For this example let’s train a Non-negative Matrix Factorization model over a corpus of texts we have.
# Training a compatible topic model
from sklearn.decomposition import NMF
from sklearn.feature_extraction.text import CountVectorizer
from topicwizard.pipeline import make_topic_pipeline
bow_vectorizer = CountVectorizer()
nmf = NMF(n_components=10)
pipeline = make_topic_pipeline(bow_vectorizer, nmf)
pipeline.fit(texts)
Once you have trained a topic model, like NMF, interpreting the model in topicwizard is as trivial as starting the web application with the visualize() function.
import topicwizard
topicwizard.visualize(texts, model=pipeline)

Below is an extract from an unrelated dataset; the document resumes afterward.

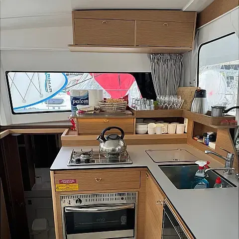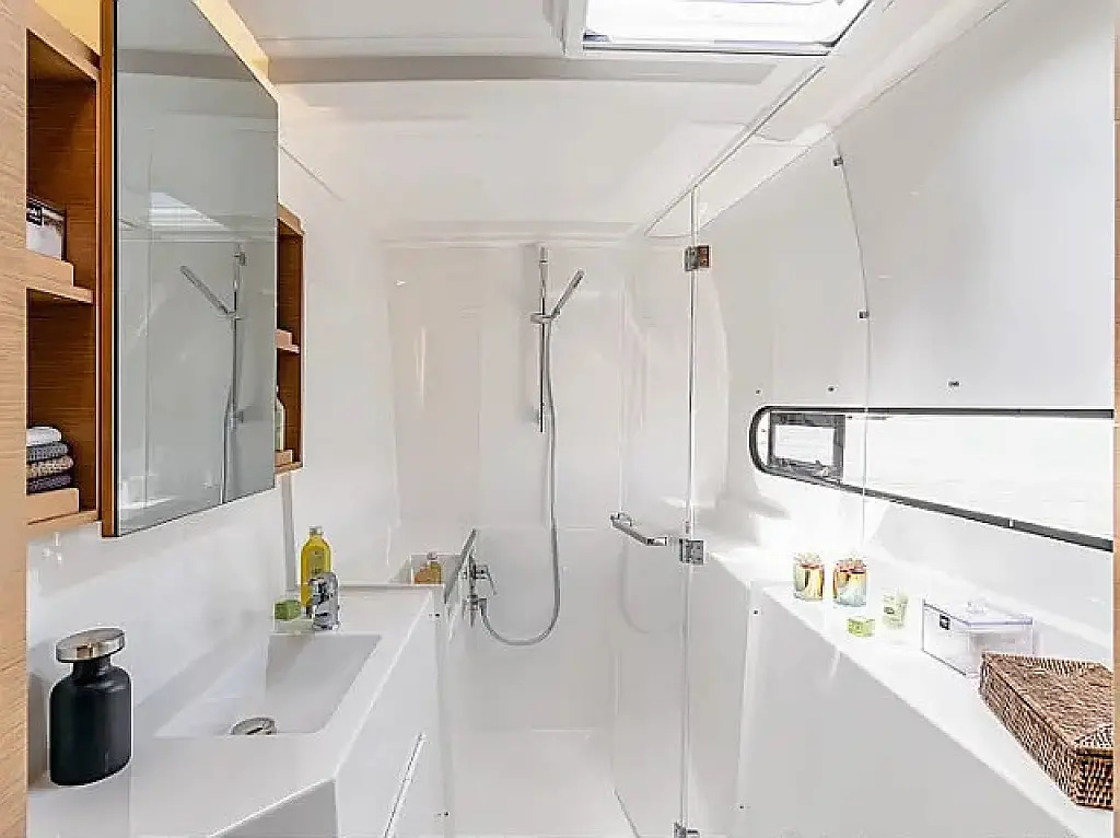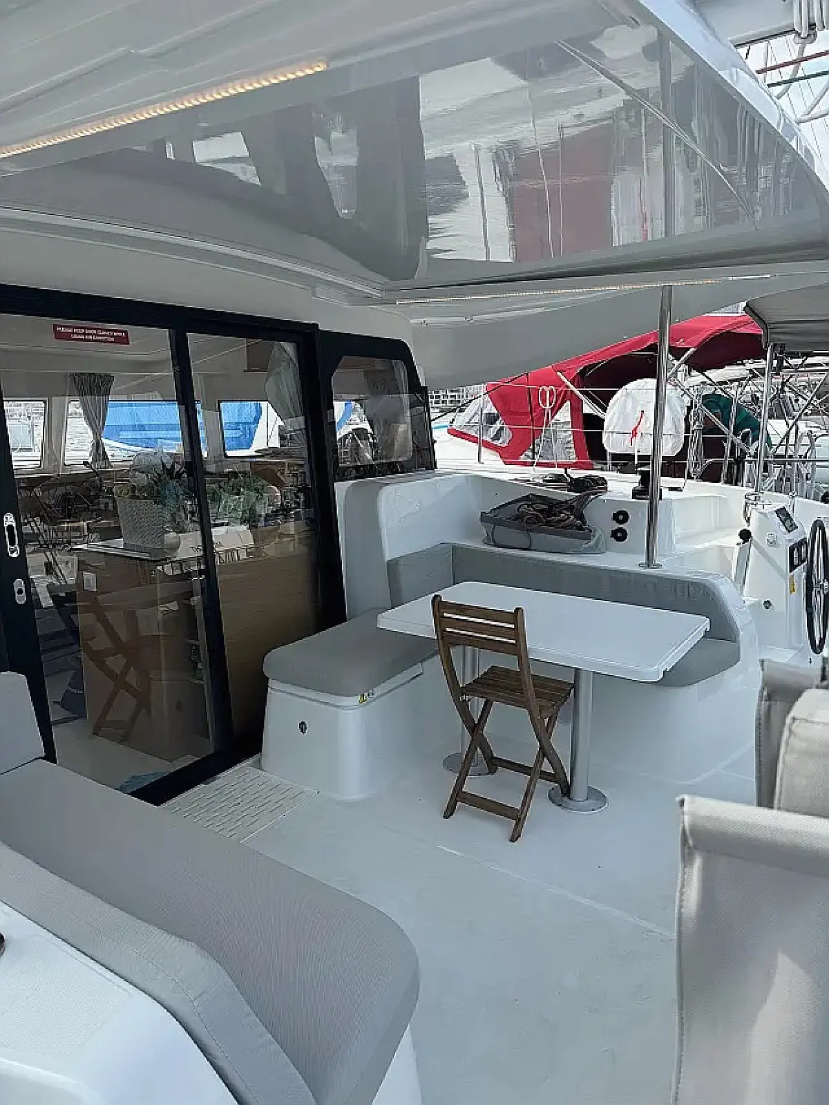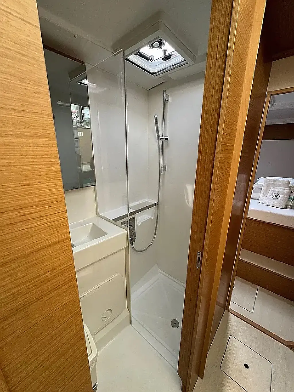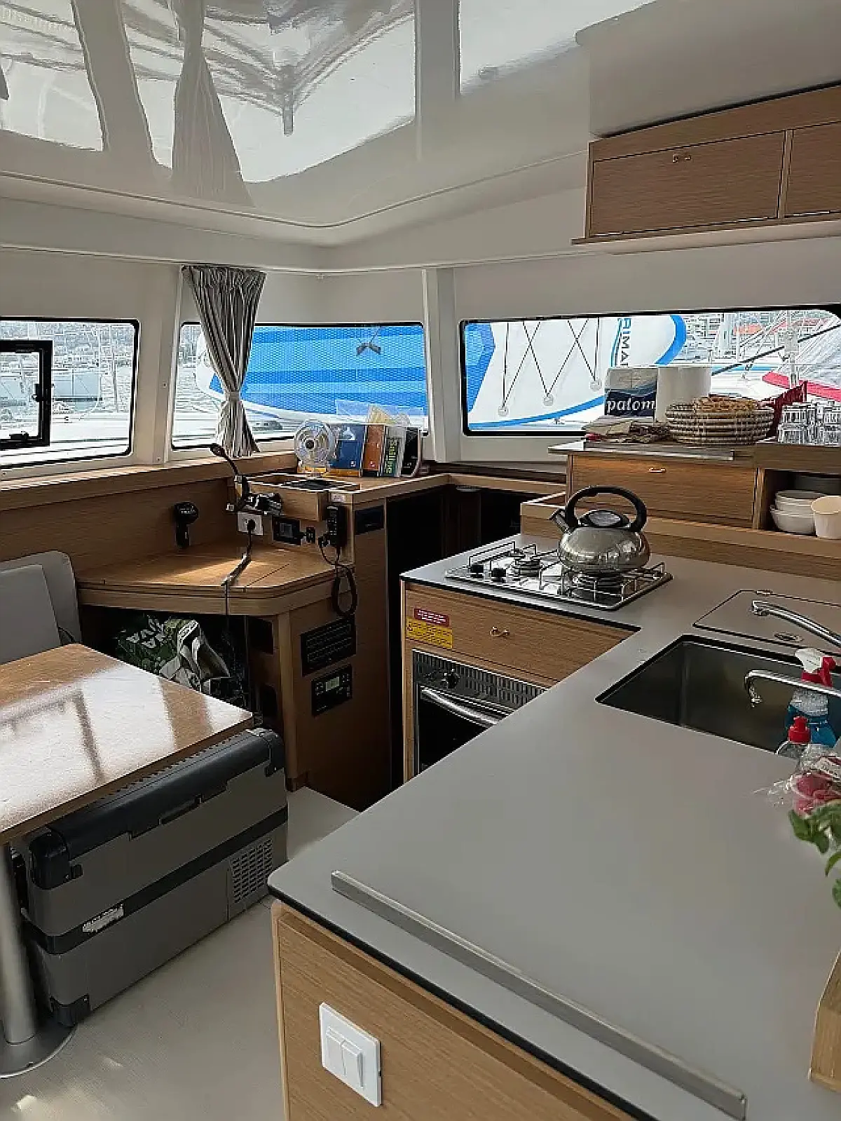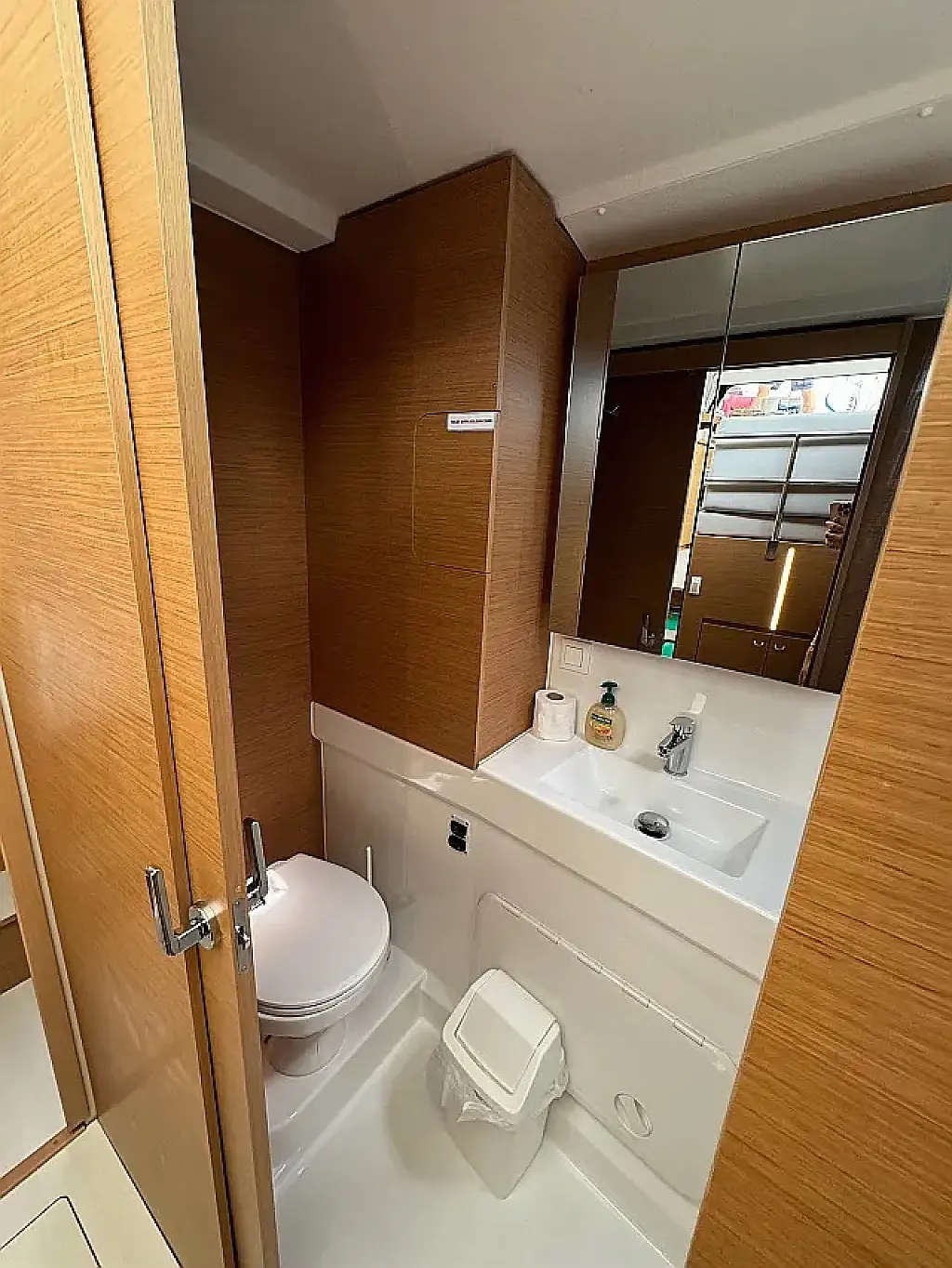 Klimaanlage, Bimini, Cockpit-Kissen, Lautsprecher im Cockpit, Kaffeemaschine, Kühlschrank, Elektrische Toilette, Generator, Heizung, Fäkalientank, Inverter, Außenbordmotor, Solar-Panele, Wi-Fi und Internet

topicwizard can take Classical Topic Models, Contextually Sensitive Models along with a corpus, or a TopicData object.
from turftopic import SemanticSignalSeparation
model = SemanticSignalSeparation(n_components=10)
topicwizard.visualize(texts, model=model)
## OR
topic_data = model.prepare_topic_data(texts)
topicwizard.visualize(topic_data=topic_data)
Pages#
This will open a web app in a new browser tab with three pages, one for topics, one for words and one for documents, where you can investigate the intricate relations of these in an interactive fashion.
Note
To understand how the plots at the pages are generated, hover over the question mark in the lower left corner.
Topics#
The first page of the webapp is a general overview of the topics in the model. On the left you can see a topic map, on which you can click on topics to investigate them and see word importances in the given topics on bar charts and wordclouds.
Words#
The Words pages displays words’ semantic relations to each other and topics. You have access to a semantic map over word representations in the topics models and a bar chart displaying topic importances for selected words and their closest associations.
Documents#
On this page you will see a map of document representations, along with utilities for exploring a given document’s content by looking topical content overall and over time in the document.
You can also search for specific documents that you might have special interest in.
Note
With large corpora this page is by far the slowest to start up, as such I would recommend that you disable it unless you have special interest in the individual documents in your corpus. This is because document representations are high-dimensional and there is usually a lot of documents, calculating 2D UMAP projections for such data is slow and tedious.
Groups (optional)#
If you have gold standard group labels for your corpus, these can be passed to the web application.
Here’s an example of doing this with the 20Newsgroups dataset.
import topicwizard
from topicwizard.pipeline import make_topic_pipeline
from sklearn.datasets import fetch_20newsgroups
newsgroups = fetch_20newsgroups(subset="all")
corpus = newsgroups.data
# Sklearn gives the labels back as integers, we have to map them back to
# the actual textual label.
group_labels = np.array(newsgroups.target_names)[newsgroups.target]
# Here we fit a topic model to the corpus
pipeline = make_topic_pipeline(
CountVectorizer(stop_words="english"),
NMF(n_components=30),
).fit(corpus)
# Notice that I'm passing the labels as the group_labels argument
topicwizard.visualize(corpus, model=pipeline, group_labels=group_labels)
This will add an additional page, which can be used to investigate these labels’ relations to topics and word content.
Performance Tips#
Beware that if you display all three pages, especially with larger corpora or vocabularies, topicwizard might take a long time to start up. This is because visualizing documents, words and topics is hard. You need to have 2D projections of their embeddings, for which topicwizard uses a method called UMAP, which produces nicely interpretable projections, but takes a long time to train and infer.
If you just want a drop-in replacement of PyLDAvis for your project, and you only care about word importances for your topics, you can disable the words and documents pages with the exclude_pages argument.
topicwizard.visualize(texts, model=pipeline, exclude_pages=["documents", "words"])
Or equally if you use a matrix decomposition method for creating word embeddings like LSI for example, you can use topicwizard to visualize your embeddings and disable all else:
topicwizard.visualize(texts, model=pipeline, exclude_pages=["documents", "topics"])